Curmie has already made clear his distaste for sports which rely on the subjective opinions of judges rather than on some objective criterion.  Yes, referees can make mistakes, but at least we know that the team that scores the most points will win, as will the swimmer who touches the wall first.  In these events, it’s clear: the US won a gold medal in the 100m sprint because a photograph made it clear that Noah Lyles’s torso crossed the finish line .005 seconds before Kishane Thompson’s did.  The US women’s basketball team also narrowly won gold, beating the French team by a single point.

Those close finishes seem more arbitrary when there’s no objective way of distinguishing between the performances.  It’s also true that gymnastics is second only to figure skating in terms of judges giving credit to established stars just because they’re established. 

But let’s assume for the moment that the judges’ votes, though subjective, were both informed and honest.  The point that if you were to ask a dozen experts which of the three women discussed here was the “best,” suggesting that all three would get at least two votes apiece is both accurate and irrelevant.  These women didn’t go to Paris to get a participation trophy.

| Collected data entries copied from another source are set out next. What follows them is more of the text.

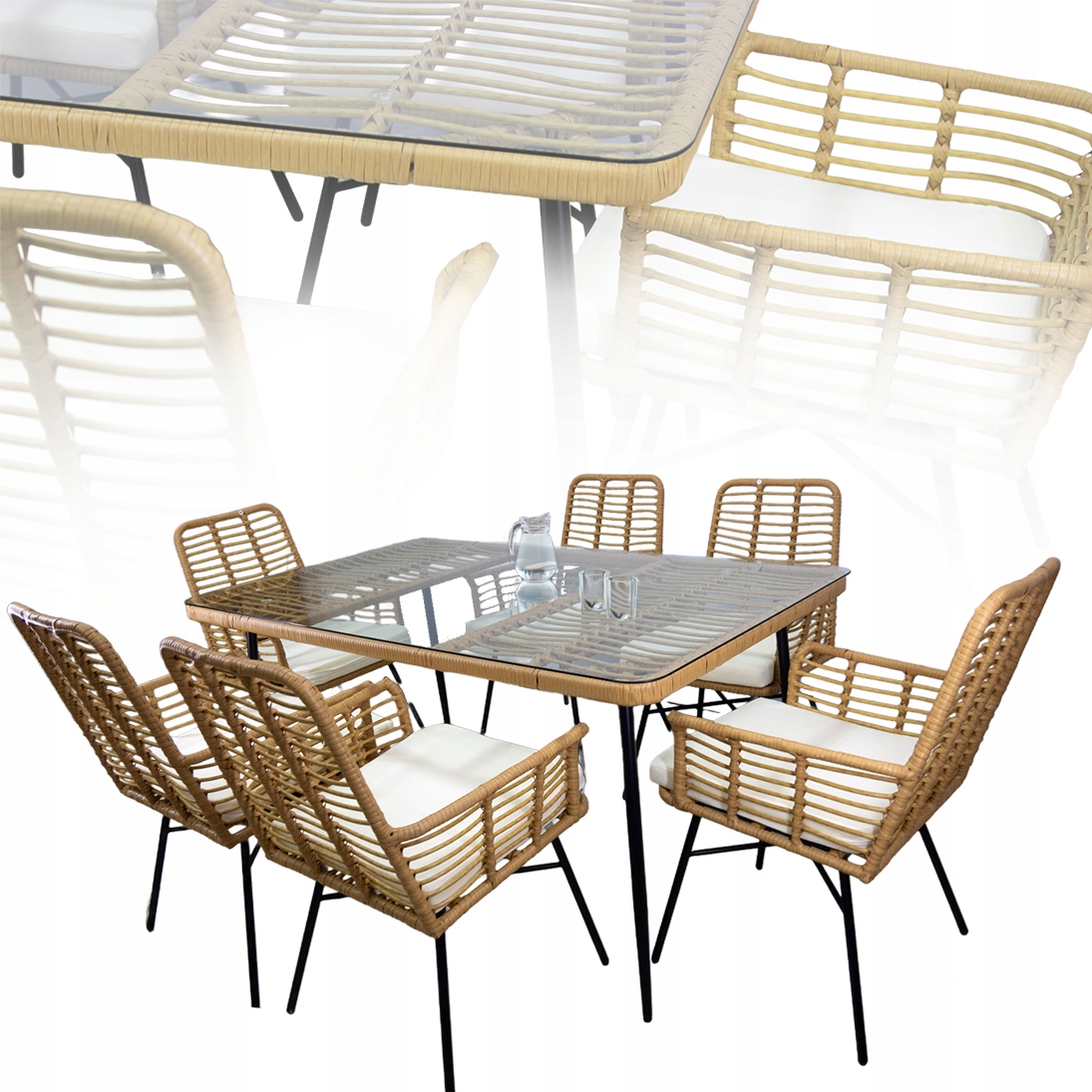 🌷 ZESTAW MEBLI OGRODOWYCH RATTAN STÓŁ SZKŁO HARTOWANE + 6 KRZESEŁ BEŻ
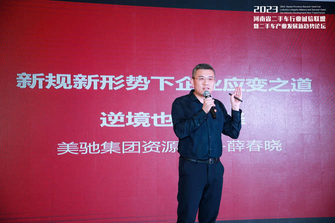 会议最后一项,由美驰名车资源中心总监薛春晓分享《新规新形势下,企业应变之道,逆境也有选择》主题演讲。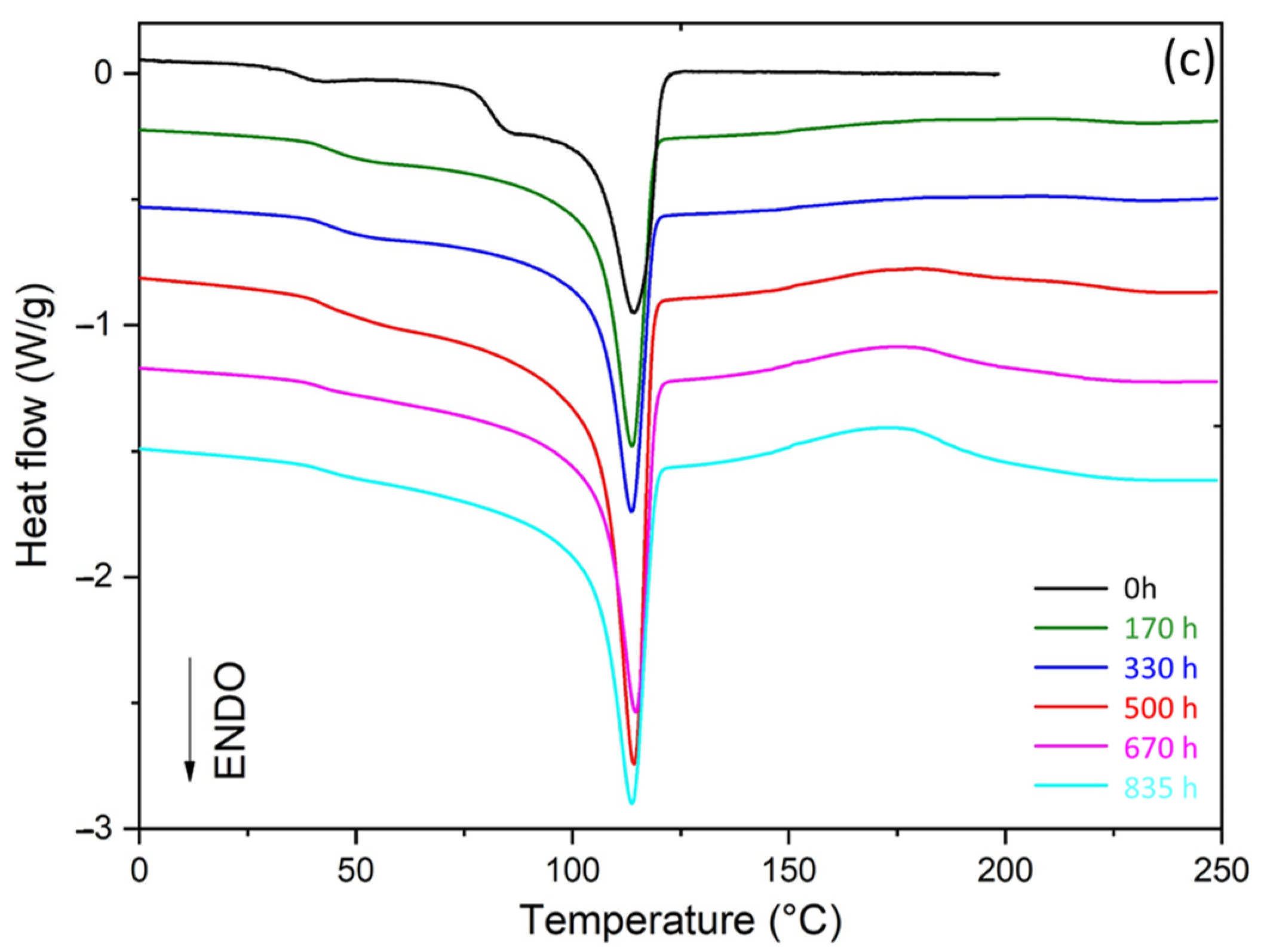 - Finally, the sample is again heated up to a temperature above its melting point (250 °C) with a rate of 10 °C·min−1. This last temperature ramp reveals the structural changes caused by the different annealing treatments performed on the sample, i.e., the splitting of the initial broad melting peak into a series of elementary melting peaks, as presented in Figure 1.

OK, so what happened?  By the time Chiles, the last to do her routine, hit the floor, the gold and silver medals were de facto wrapped up by Rebecca Andrade and Simone Biles, but the bronze was very much up in the air.  Bărbosu  and Maneca-Voinea were tied on points, with the former placed third because her execution score was higher.  Chiles performed well, but came up just short, with a score of 13.666, behind the two Romanian women’s 13.700.  But American coach Cecile Landi submitted an inquiry about Chiles’s difficulty score.  Less than a minute after Chiles’s score was posted, the appeal was granted, her score was raised by a tenth of a point, and she catapulted from fifth to third.

By this time, Bărbosu had already draped a Romanian flag over her shoulders to celebrate the first of her country’s Olympic medals in gymnastics in a dozen years: this in a sport once dominated by the likes of Nadia Comăneci.  Indeed, from the time Comăneci appeared on the scene in 1976 through 2012, six different Romanian women won Olympic gold in the floor exercise, and ten earned a medal of some color, averaging more than one competitor per Olympics on the podium.  This was big for the individual gymnast, but perhaps even more so for her country.

Needless to say, Bărbosu was devastated by the change in Chiles’s score.  It’s completely understandable that she felt frustrated, betrayed, and, yes, bitter.  Her initial response garnered her a substantial amount of harrassment on social media.  Of course, Chiles suffered that fate, as well, being accused of cheating, as if she had anything to do with the judges’ decisions.  Chiles received the bronze at the medal ceremony, and initiated one of the iconic images of the Games, as she and Biles bowed to Andrade in a gesture of respect and friendship to their Brazilian competitor.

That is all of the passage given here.